Those who work in business (change the variable to `emsecsm = '3'`):

In [None]:
# create label table
sql = """
SELECT sed.drf_id, sdr.refid, sed.phdinst, wtsurvy,
    CASE WHEN (sdr.emsecsm = '3' and sdr.emsecsm != 'L') THEN 1 ELSE 0 END as label
FROM ncses_2019.nsf_sed sed
JOIN ncses_2019.sdr_drfid_2015 xwalk
ON sed.drf_id = xwalk.drf_id
JOIN ncses_2019.nsf_sdr_2015 sdr
ON xwalk.refid = sdr.refid
WHERE sed.phdfy = '2013'
"""

In [None]:
# read the SQL code into pandas
df = pd.read_sql(sql, conn)

In [None]:
# Find how many people get a label = 1 (working in business)
len(df[df['label'] == 1])

## Creating Features

Our features are our independent variables or predictors. Good features make machine learning systems effective. 
The better the features the easier it is the capture the structure of the data. You generate features using domain knowledge. In general, it is better to have more complex features and a simpler model rather than vice versa. Keeping the model simple makes it faster to train and easier to understand rather then extensively searching for the "right" model and "right" set of parameters. 

Machine Learning Algorithms learn a solution to a problem from sample data. The set of features is the best representation of the sample data to learn a solution to a problem. 
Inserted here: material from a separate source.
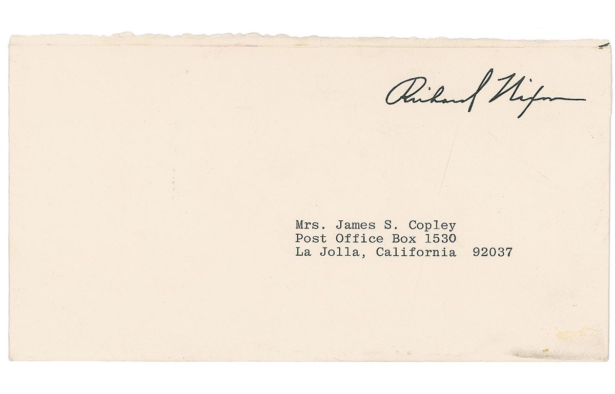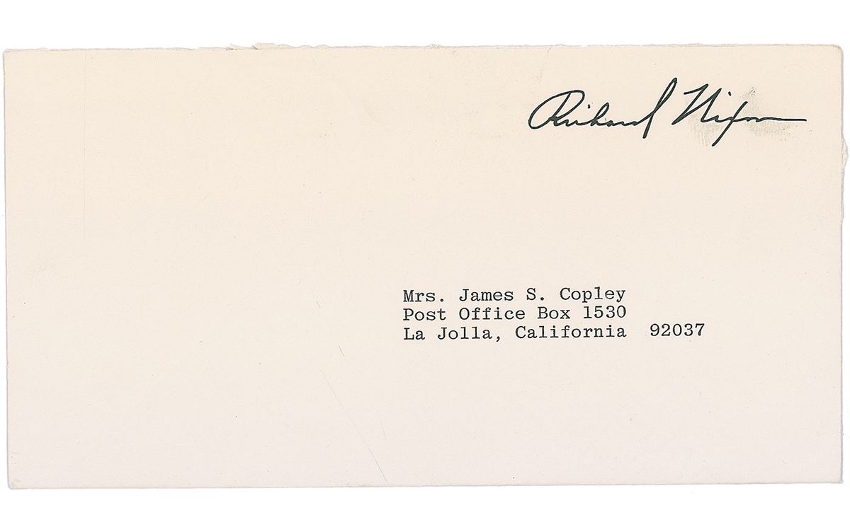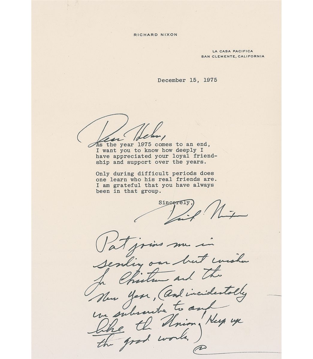 Two TLSs, both signed, “Dick Nixon,” each one page, 7.25 x 10.5, personal letterhead. Both letters are to Helen Copley, the widow of newspaper publisher James S. Copley, with Nixon adding the greeting in his own hand, as well as a postscript to each letter. The first letter, dated December 15, 1975, reads, in full: “As the year 1975 comes to an end, I want you to know how deeply I have appreciated your loyal friendship and support over the years. Only during difficult periods does one learn who his real friends are. I am grateful that you have always been in that group.” Nixon’s handwritten postscript reads: “Pat joins me in sending our best wishes for Christmas and the New Year, (And incidentally we subscribe to and like the Union. Keep up the good work.) N.”

- **Feature engineering** is the process of transforming raw data into features that better represent the underlying problem/data/structure  to the predictive models, resulting in improved model accuracy on unseen data." ( from [Discover Feature Engineering](http://machinelearningmastery.com/discover-feature-engineering-how-to-engineer-features-and-how-to-get-good-at-it/) ).  In text, for example, this might involve deriving traits of the text like word counts, verb counts, or topics to feed into a model rather than simply giving it the raw text.

Example of feature engineering are: 

- **Transformations**, such a log, square, and square root.
- **Dummy (binary) variables**, also known as *indicator variables*, often done by taking categorical variables
(such as city) which do not have a numerical value, and adding them to models as a binary value.
- **Discretization**. Several methods require features to be discrete instead of continuous. This is often done 
by binning, which you can do by various approaches like equal width, deciles, Fisher-Jenks, etc. 
- **Aggregation** Aggregate features often constitute the majority of features for a given problem. These use 
different aggregation functions (*count, min, max, average, standard deviation, etc.*) which summarize several
values into one feature, aggregating over varying windows of time and space. For example, for policing or criminal justice problems, we may want to calculate the *number* (and *min, max, mean, variance*, etc.) of crimes within an *m*-mile radius of an address in the past *t* months for varying values of *m* and *t*, and then use all of them as features.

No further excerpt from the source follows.